#### Data for this exercise ####

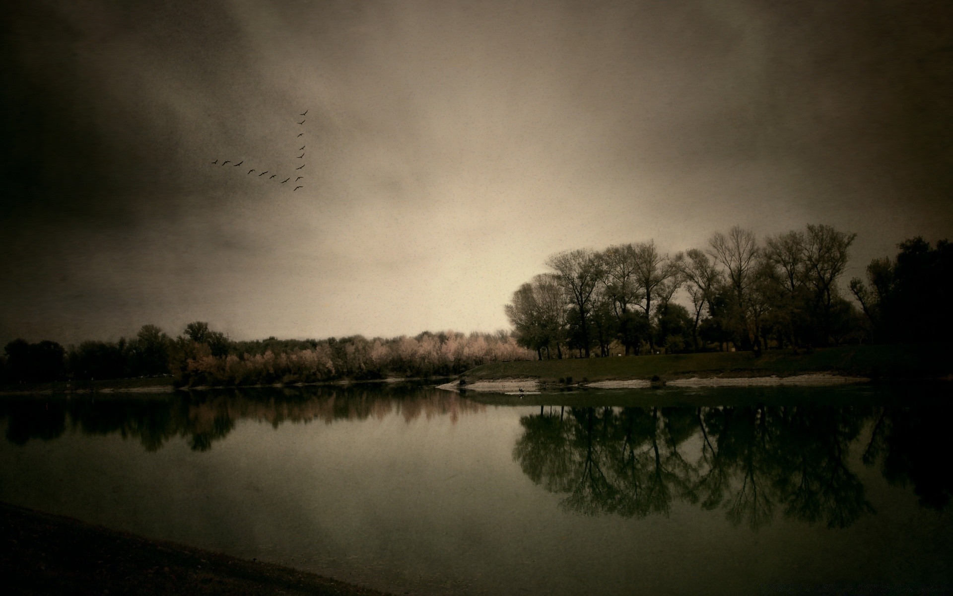 Landschaft mit der Reflexion von Bäumen im Wasser
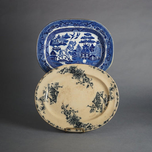• Two Large Antique Canton School Chinese Export Porcelain Platters C1900
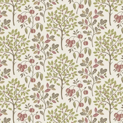A vibrant and artistic design showcasing an array of fruit trees, amongst branches, acorns and leaves against a gentle textured effect. Seen here in the Olive colourway.
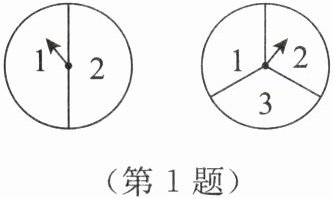 1. 如图,分别旋转两个标准的转盘,两个转盘分别被分成两等份和三等份,则转盘所转到的两个数字之积为奇数的概率是(
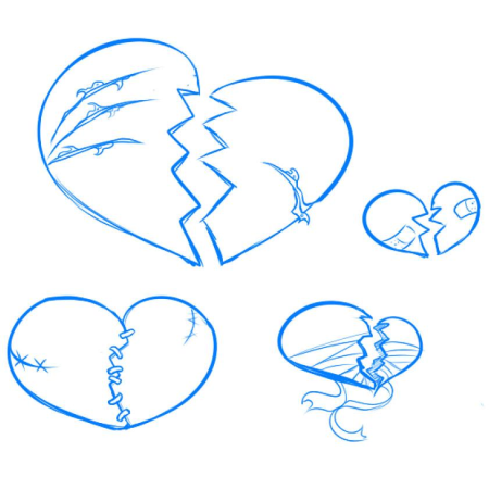 Нарисовать разбитое сердце карандашом
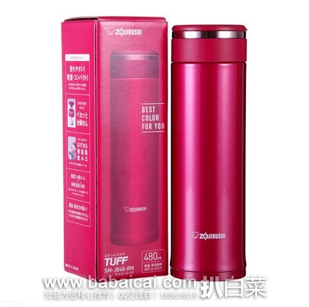 Zojirushi象印 SM-JB48RM 不锈钢双层真空保温杯480ml特价$24.98,直邮无税 运费仅$3.04,到手¥174
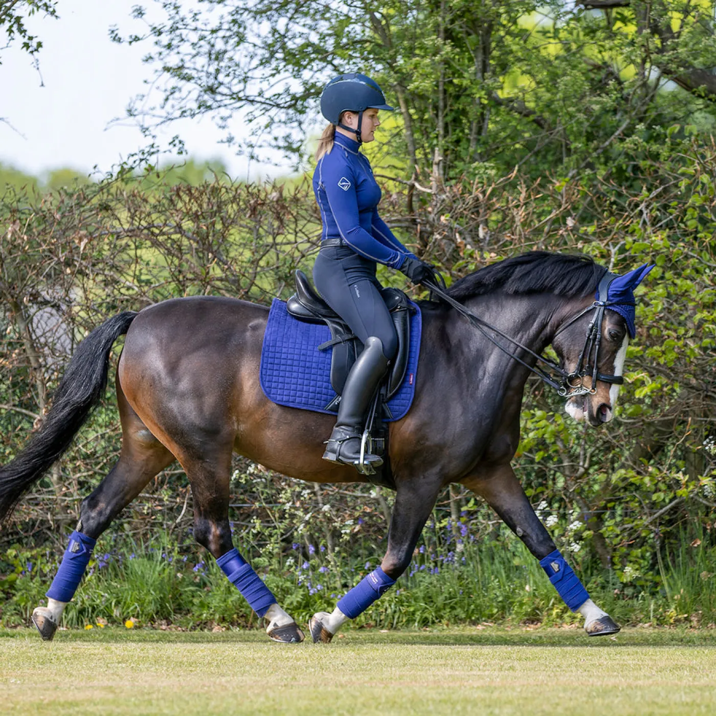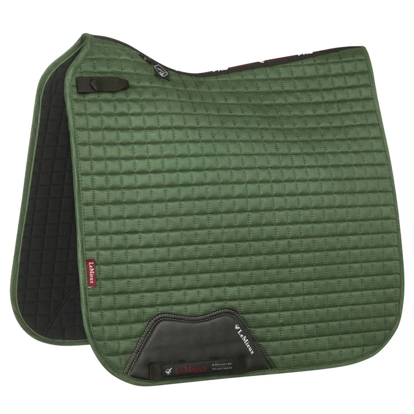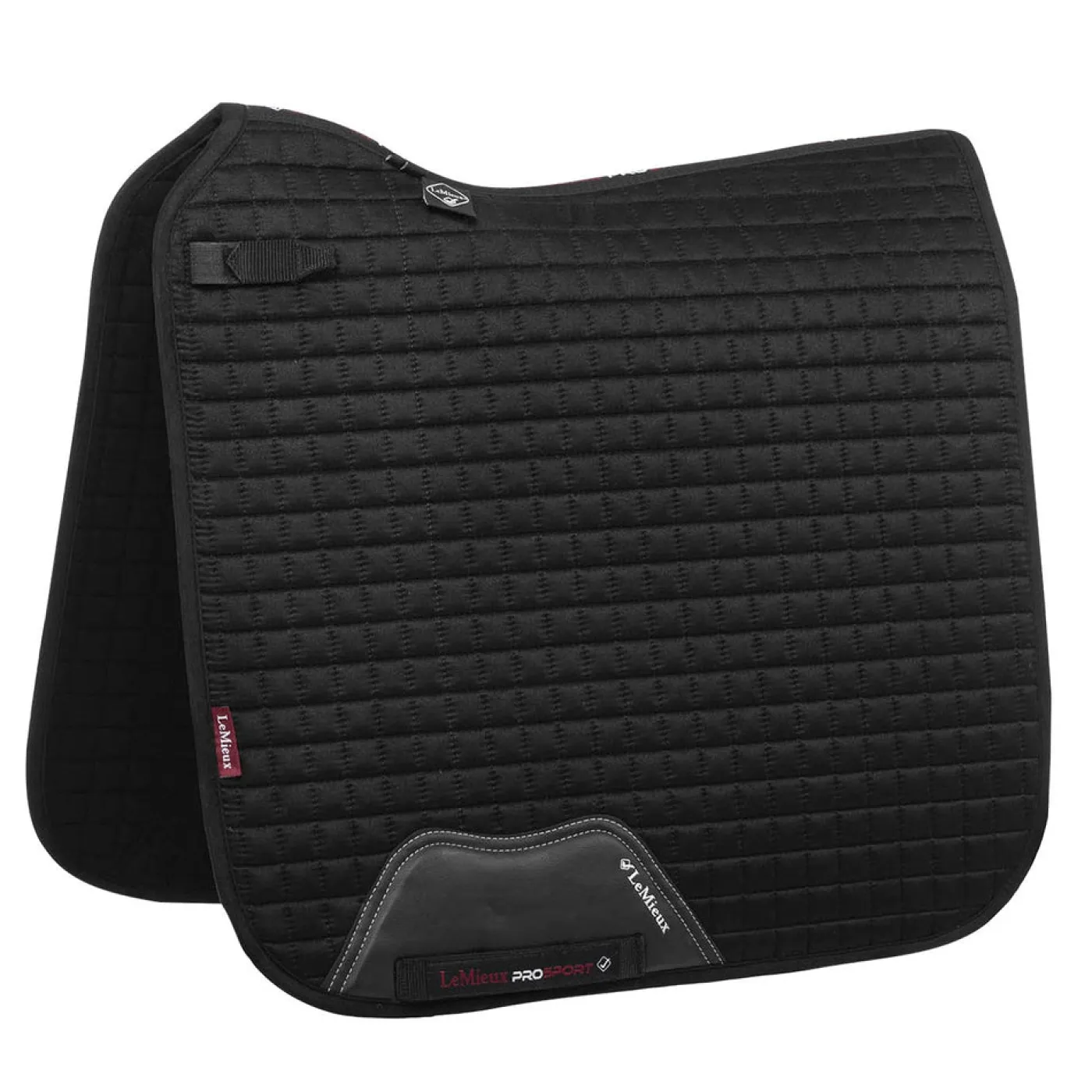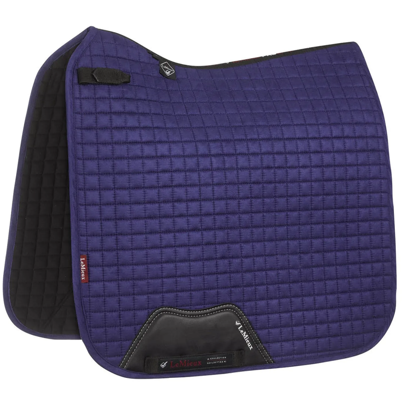 The Lemieux Suede Dressage Pad offers a sleek and professional appearance. Constructed with a suede top and binding, complimented by a super soft Bamboo lining to help absorb and control sweat under the saddle. Features PU leather girth protection with a close contact cut, high wither, and d-ring tabs. Complete with girth keepers incorporated with inner locking loops.
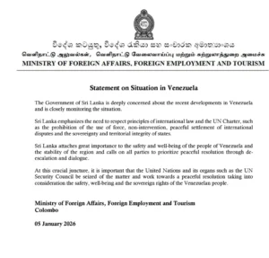 වෙනිසියුලාවේ පවතින තත්ත්වය ඉතා සමීපව නිරීක්ෂණය කරමින් සිටින බව විදේශ කටයුතු, විදේශ රැකියා සහ සංචාරක අමාත්යාංශය විසින් නිවේදනයක් නිකුත් කරමින් ප්රකාශ කරයි.

####

Task details :: Word for word, return the entries above, but without any pictures.

Finished exercise ::
 Landschaft mit der Reflexion von Bäumen im Wasser
• Two Large Antique Canton School Chinese Export Porcelain Platters C1900
A vibrant and artistic design showcasing an array of fruit trees, amongst branches, acorns and leaves against a gentle textured effect. Seen here in the Olive colourway.
 1. 如图,分别旋转两个标准的转盘,两个转盘分别被分成两等份和三等份,则转盘所转到的两个数字之积为奇数的概率是(
 Нарисовать разбитое сердце карандашом
 Zojirushi象印 SM-JB48RM 不锈钢双层真空保温杯480ml特价$24.98,直邮无税 运费仅$3.04,到手¥174
 The Lemieux Suede Dressage Pad offers a sleek and professional appearance. Constructed with a suede top and binding, complimented by a super soft Bamboo lining to help absorb and control sweat under the saddle. Features PU leather girth protection with a close contact cut, high wither, and d-ring tabs. Complete with girth keepers incorporated with inner locking loops.
 වෙනිසියුලාවේ පවතින තත්ත්වය ඉතා සමීපව නිරීක්ෂණය කරමින් සිටින බව විදේශ කටයුතු, විදේශ රැකියා සහ සංචාරක අමාත්යාංශය විසින් නිවේදනයක් නිකුත් කරමින් ප්රකාශ කරයි.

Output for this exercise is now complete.